I agree that there is no point in buying a vinyl LP cut from a CD or digital master. I try to research that before buying a title and if that is the case, I'll pass. I usually look for a vinyl alternative when the CD is brickwalled - the vinyl almost always sounds better. Van Halen "A Different Kind Of Truth" sound awful on CD, great on vinyl. Rush "Clockwork Angels" and Blue Oyster Cult "The Symbol Remains" are a couple of recent ones I can think of that the vinyl beats the CD.
 
I agree that there is no point in buying a vinyl LP cut from a CD or digital master. I try to research that before buying a title and if that is the case, I'll pass. I usually look for a vinyl alternative when the CD is brickwalled - the vinyl almost always sounds better. Van Halen "A Different Kind Of Truth" sound awful on CD, great on vinyl. Rush "Clockwork Angels" and Blue Oyster Cult "The Symbol Remains" are a couple of recent ones I can think of that the vinyl beats the CD.
Agreed. I've gone after vinyl copies that were less damaged copies of the master than the other release choices more than a few times. I guess I should be happy I have a pretty dialed in turntable setup and have the opportunity! It's just wrong though. They (obviously) have the original unmolested HD master and they're refusing to release it in full quality.
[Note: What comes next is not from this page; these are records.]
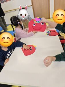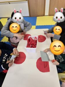 みんなでハサミ✂️でチョキチョキ😃✂️✨形を切り糊で鬼の表示をぺたぺたして作りました。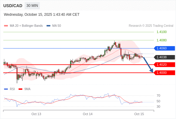 在 1.4060 之下,看跌,目标价位为 1.4020 ,然后为 1.4000 。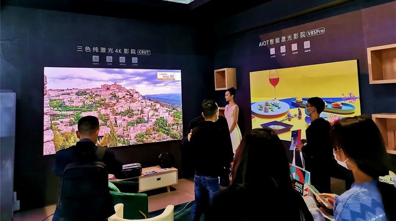 此次展會上,長虹激光向觀展者們展示了行業首款實現超短焦自動對焦的4K激光電視——V8SPro。這款產品是長虹家用激光影院中的高端產品,憑借著全球首發的超短焦自動對焦技術,在今年于線上舉辦的美國國際消費類電子產品展覽會(CES2021)上斬獲“激光顯示技術創新金獎”。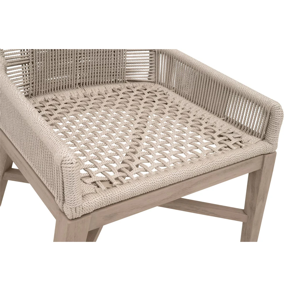 • Cheryl Modern Light Grey Cushion Woven Rope Natural Teak Outdoor Dining Arm Chair|Kathy Kuo Home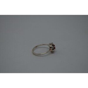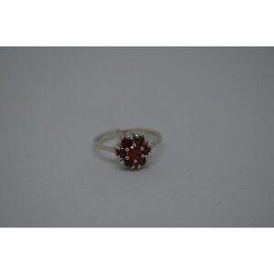 Beautiful, delicate sterling silver ring with 7 small reddish orange gems in a flower pattern. I don't know the type of gem; I thought maybe garnet but the hue seems too orange for garnet. Stamped 925 inside the band. Size 5.75. Weight 2.4 grams.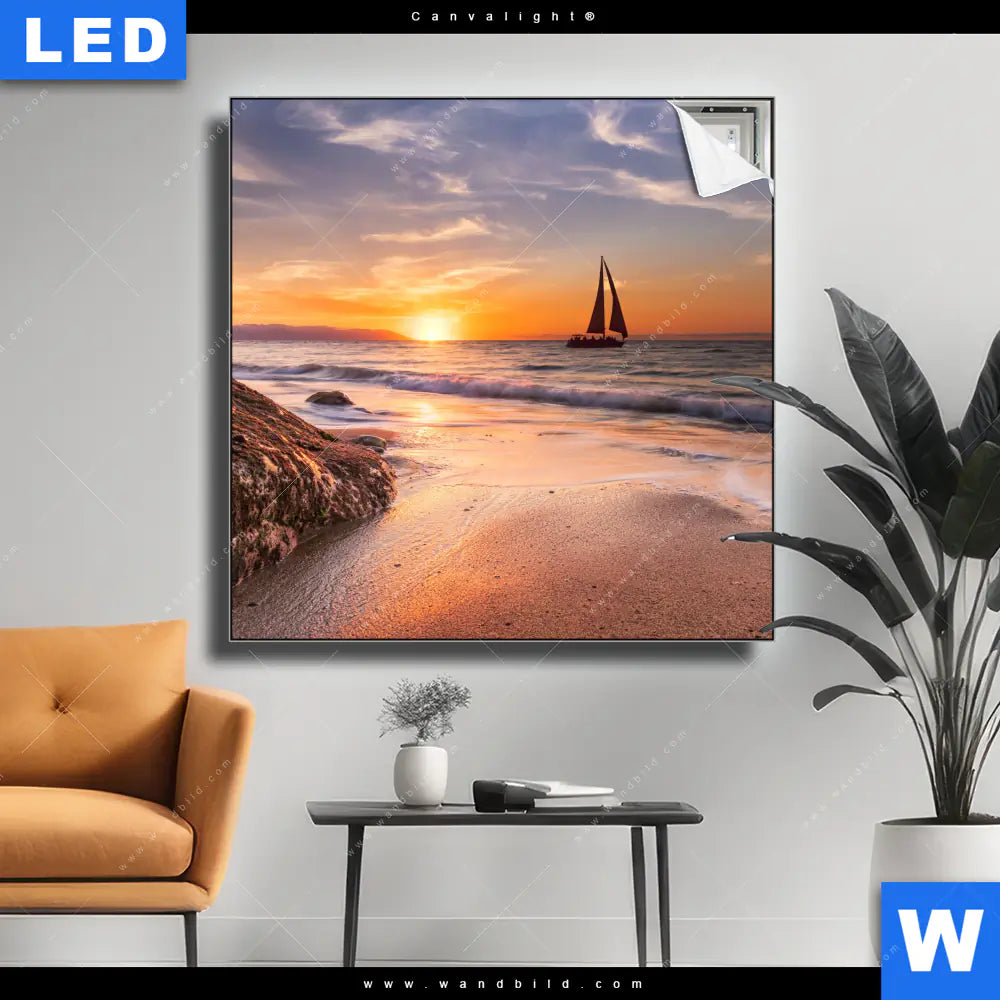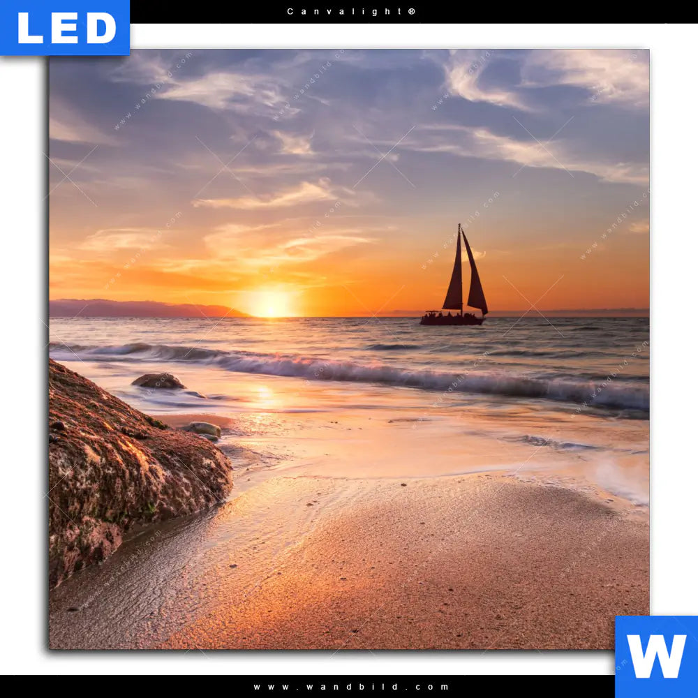 Canvalight® Leuchtbild | Segelboot im Sonnenuntergang | Quadrat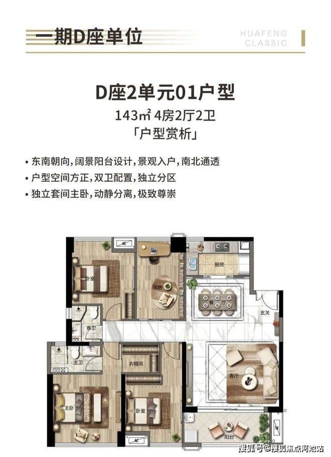 143㎡ 4房户型:单价:5.3万起、总价770万起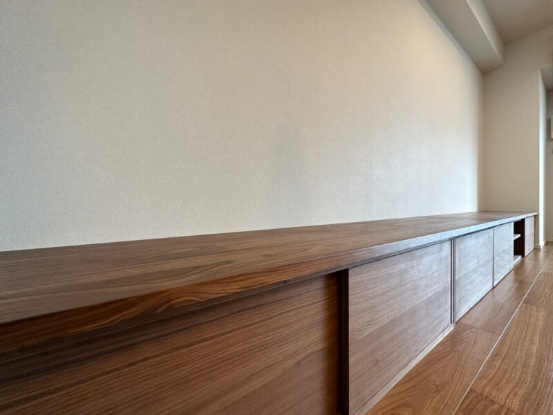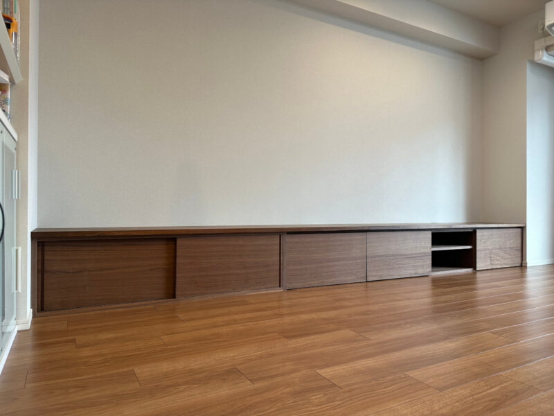 オーダー木製家具【ウォールナットの追い柾目が美しい超ロングTVローボード】横浜市 I 邸

When vinyl was the highest technology and people were making their best effort, the high marks were to be revered and celebrated! This facsimile nostalgia trip is wrong from every angle! But when one of them is still the best copy... Well, you listen to that instead of something worse, right?

The times I got burned (from lack of research I suppose) and the stupid vinyl copy sounded EXACTLY like the brick walled CD copy, I was not pleased!
 
I agree that there is no point in buying a vinyl LP cut from a CD or digital master. I try to research that before buying a title and if that is the case, I'll pass. I usually look for a vinyl alternative when the CD is brickwalled - the vinyl almost always sounds better. Van Halen "A Different Kind Of Truth" sound awful on CD, great on vinyl. Rush "Clockwork Angels" and Blue Oyster Cult "The Symbol Remains" are a couple of recent ones I can think of that the vinyl beats the CD.
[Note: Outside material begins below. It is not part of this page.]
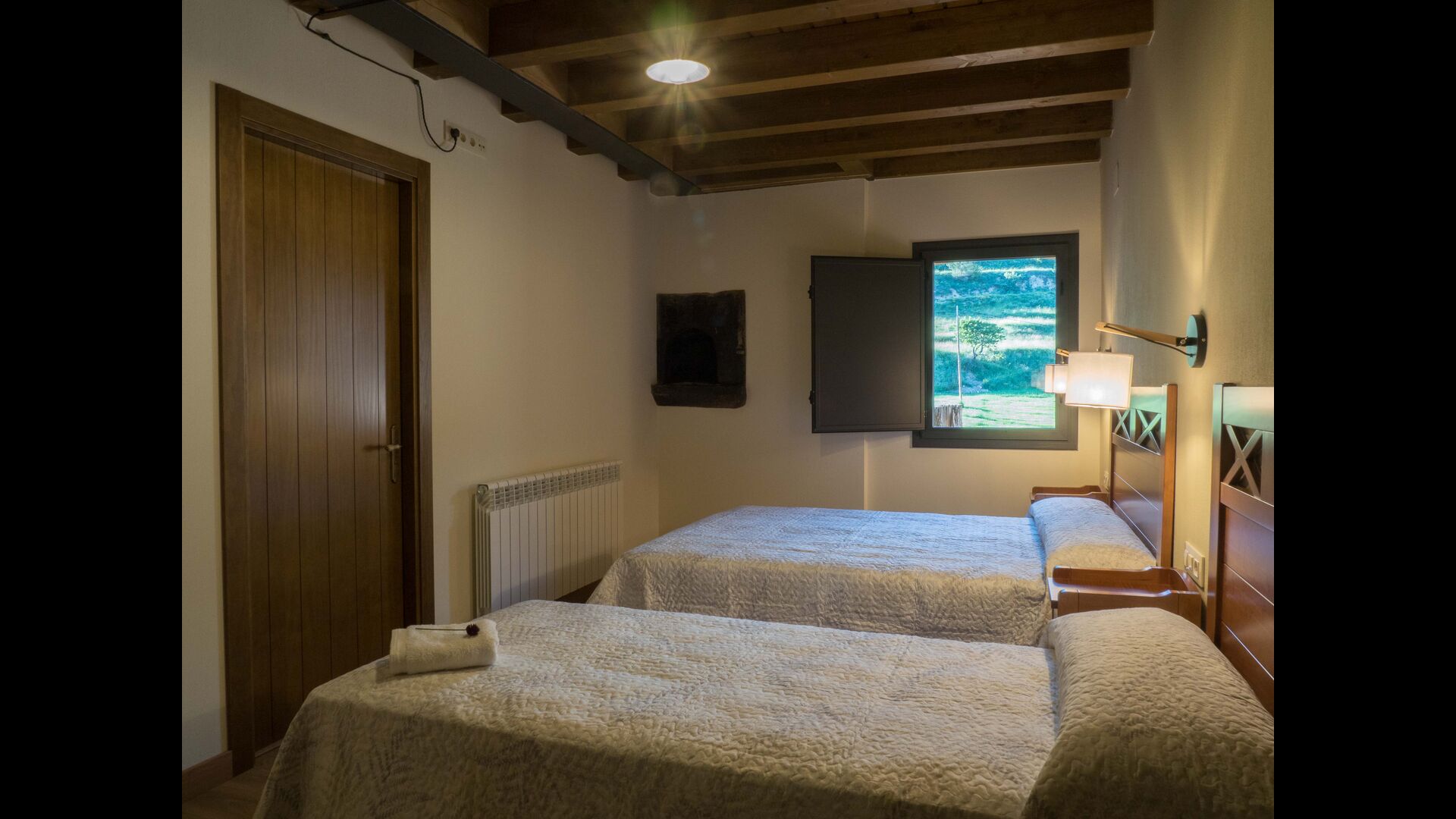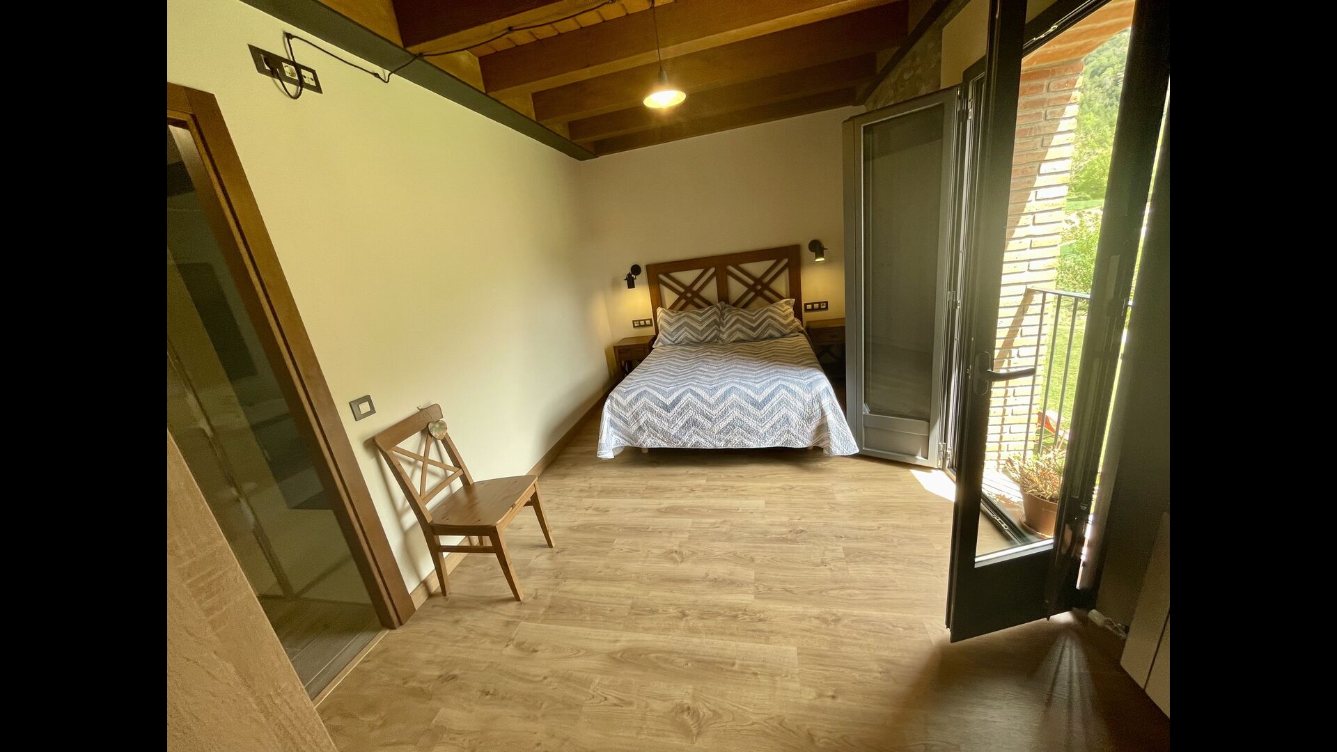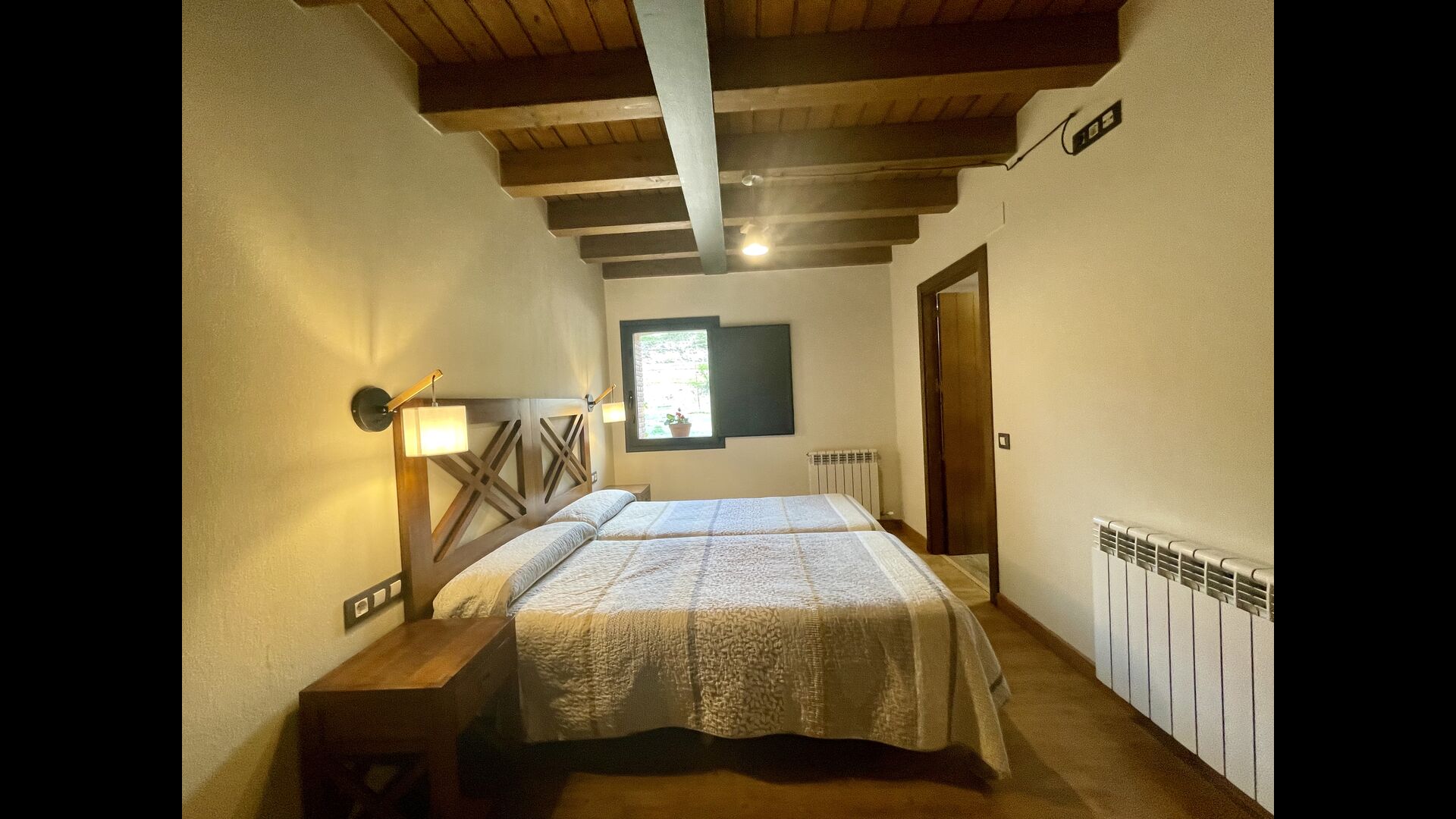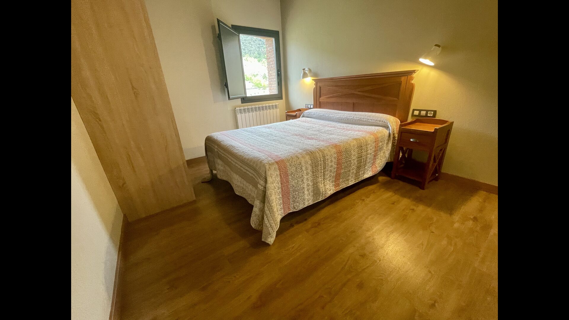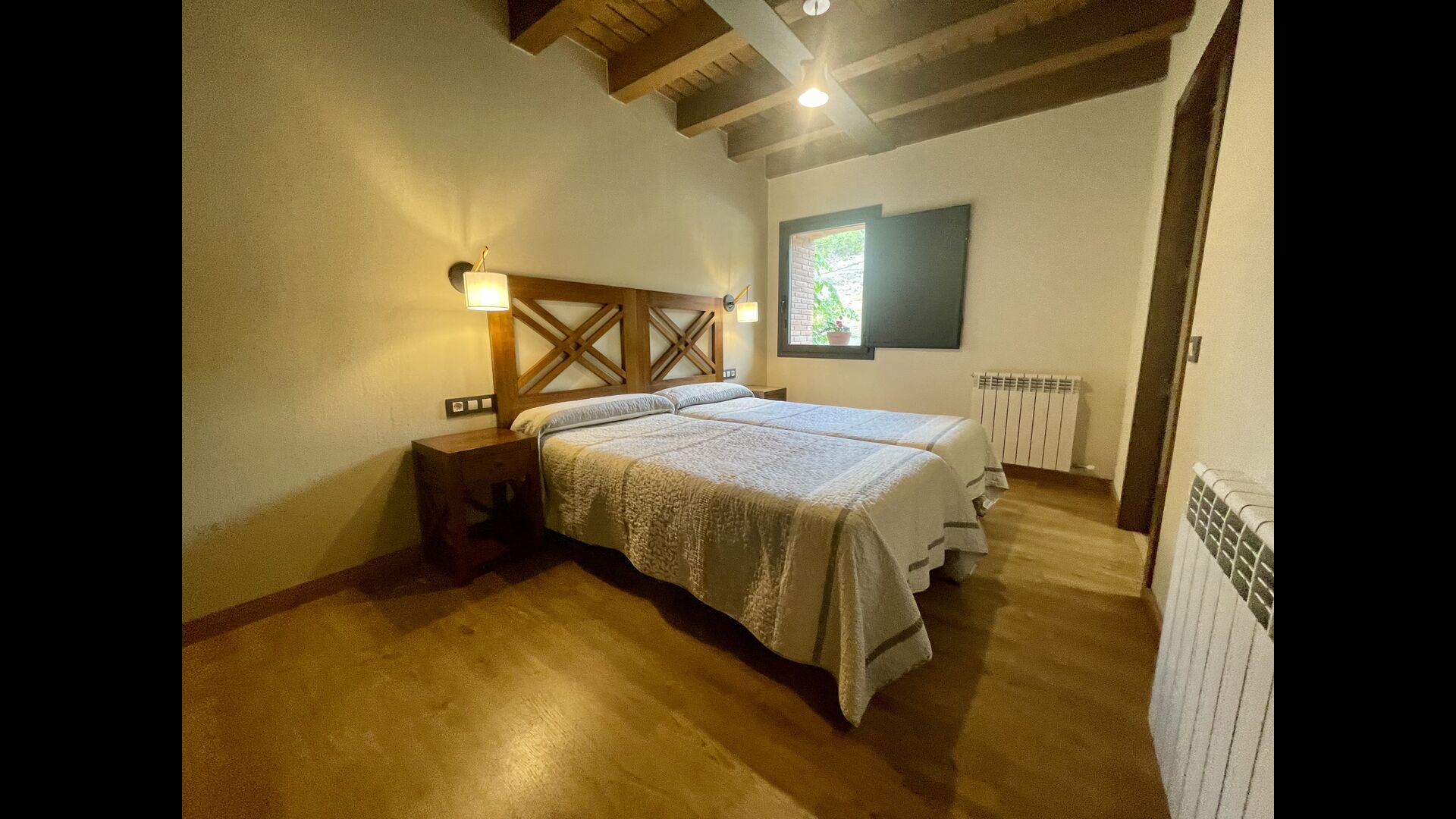 På første sal finder du 2 dobbeltværelser med deres henholdsvise badeværelser, 1 3-personersværelse med dets badeværelse, og 1 værelse med 2 enkeltsenge med et badeværelse.

Apart from music & audio, my world includes anime. For anime fans there is no higher valued collectible than a hand drawn original cell from a film or TV series. It always comes with a paper pencil sketch outline that shows where to ink & color in. You don't realize it until you see one in front of you that not only is (some) animation hand drawn & colored it is drawn in reverse mirror image... drawn on the back side of the acetate cell & flipped over to shoot a single frame. Amazing to me.

As I said some anime is done this way. The older stuff is but for a long time things might be hand drawn but it's on a computer sketch pad & color & gradations are dropped in. So like with LP's cut from CD masters, the trend for several years is to ink jet print on clear plastic from a CG frame & sell as an anime cell collectible. Preposterous!
 
The hole was just small enough that the record would not drop.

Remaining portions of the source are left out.